A missed opportunity?

This was an interesting technical problem, finding the best solution with the pieces at hand, but a voice from my econ classes is whispering in my head “arbitrage”, meaning that Amazon actually has a perverse pricing system that charges me less money to use more resources. If I can store items in S3 by laying another system on top of it, Amazon would certainly be able to do the same, do so more cheaply, and without the inconsistent interface that you need to use if you adopt my system. Unless S3 has significantly different replication and reliability characteristics than SimpleDB, I suspect that they are overcharging for small PUTs, and this is keeping people from using the service to the fullest extent.

I’ve heard from Tim Robertson that he ran into the same problem with small files and scaled back what he was storing in S3 to save on costs. HotPads has also done the calculation and this was a factor in their reluctance to recommend others adopt Cloudfront as they did.

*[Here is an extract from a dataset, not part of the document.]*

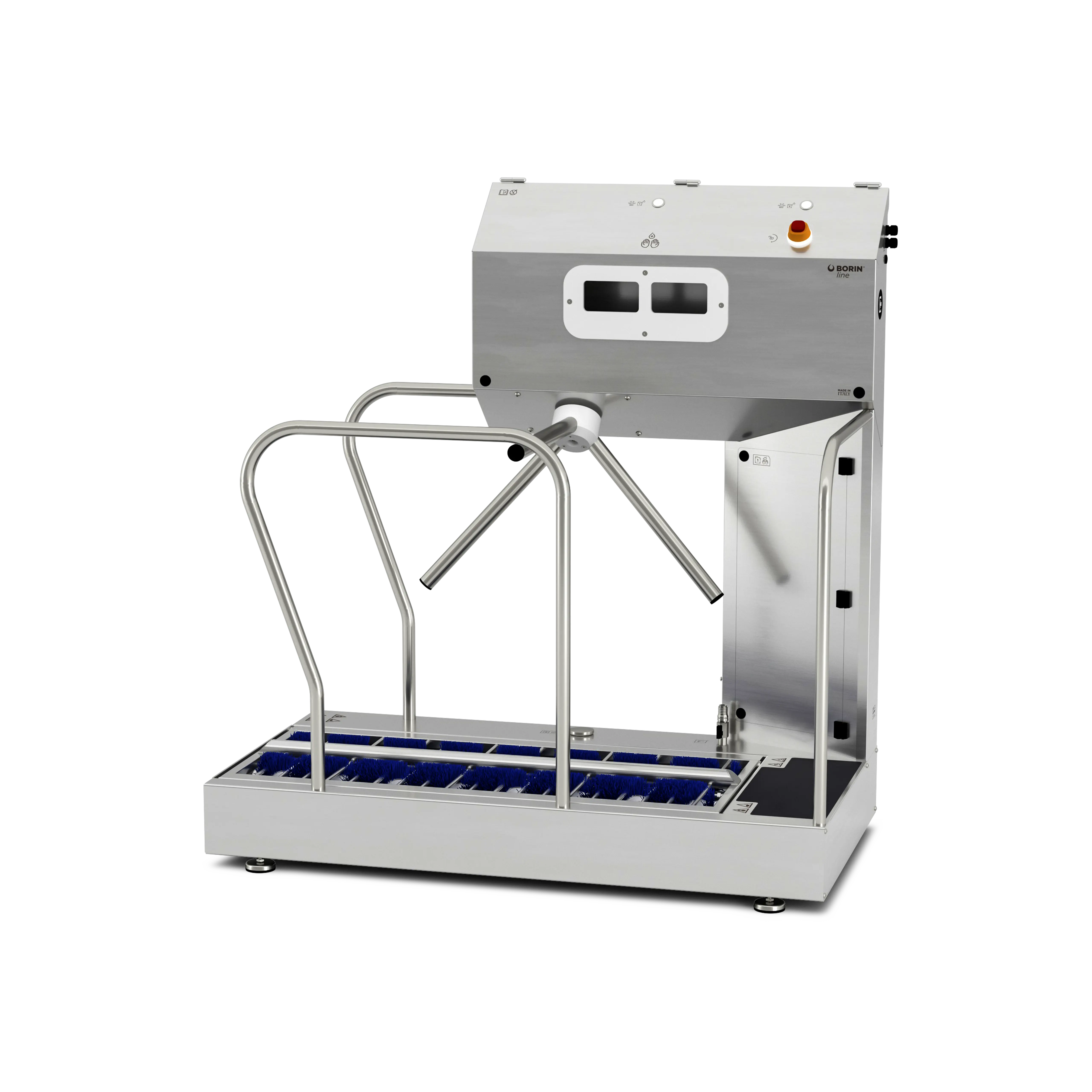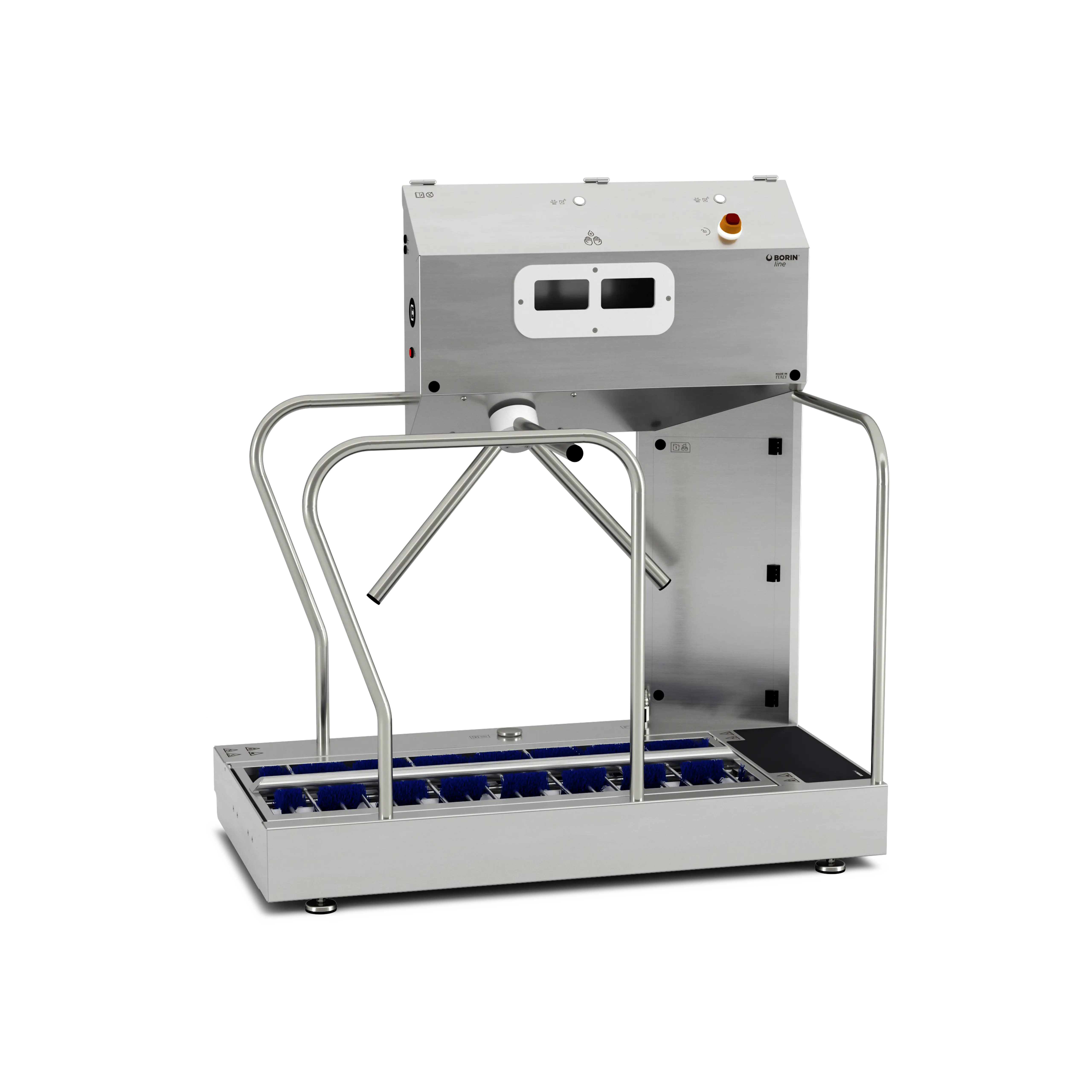 Versione Smart attivata (display e cavo ethernet). Stazione igienizzante per controllo accessi: sanifica le mani e gestisce spazzolatura, lavaggio e sanificazione delle calzature lungo il percorso, preparando l’operatore all’ingresso nelle aree produttive. Il tornello elettromeccanico vincola la persona a compiere la corretta procedura: se errata, non darà il consenso all’accesso.

SimpleDB: a work in progress

SimpleDB is a fantastic system, but it’s not quite done yet. Amazon labels it a beta, and it’s certainly good enough to use in production, but there are lots of desireable features that aren’t yet there. As I write this, I have a that has been running for a day just going through and deleting old items from my SimpleDB domains – bulk delete or delete by query aren’t supported yet.

As I learn more about other options, I’m having trouble justifying the hassle of dealing with things like lack of bulk delete, not being able to store large values in the table, and the size limits. HBase is becoming more mature and is now being used to directly serve content to the web. SimpleDB is likely slightly better value if you are pinching pennies (for us, SimpleDB is less than 10% of our Hadoop cluster costs), but if I were doing this again, and I were already using Hadoop, I would prefer HBase. If you have a smaller system, and don’t want to deal with administration headaches, SimpleDB can still be a good choice.